SUPPLIED DATA START
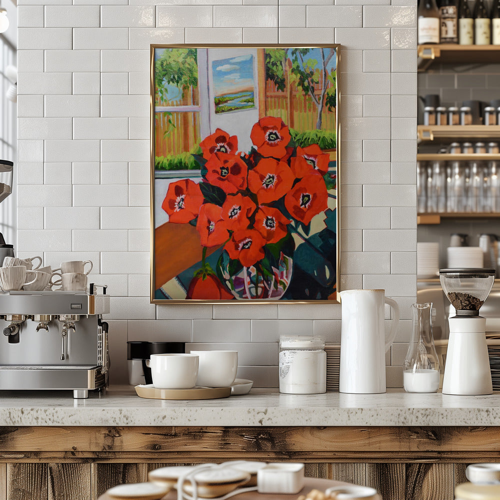 Framed Art Prints: Our framed art prints are printed onto a good quality textured art paper. A white border surrounds the design. A solid timber frame in one of four colours and a plexiglass front complete the piece.
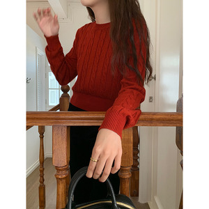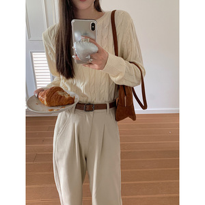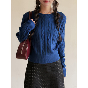 【暖阳情诗】歌铭学院风麻花毛针织衫女装秋季新款宽松上衣Y8823
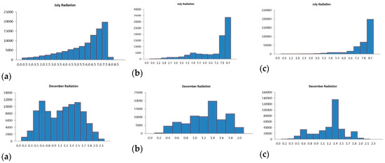 Histograms representing the radiation values in July and December in (a) zone 1, (b) zone 2, and (c) zone 3.
SUPPLIED DATA END
WHAT YOU ARE ASKED TO DO: The material above must be set down word for word, with no picture carried over.

THE COMPLETED TASK:
 Framed Art Prints: Our framed art prints are printed onto a good quality textured art paper. A white border surrounds the design. A solid timber frame in one of four colours and a plexiglass front complete the piece.
 【暖阳情诗】歌铭学院风麻花毛针织衫女装秋季新款宽松上衣Y8823
 Histograms representing the radiation values in July and December in (a) zone 1, (b) zone 2, and (c) zone 3.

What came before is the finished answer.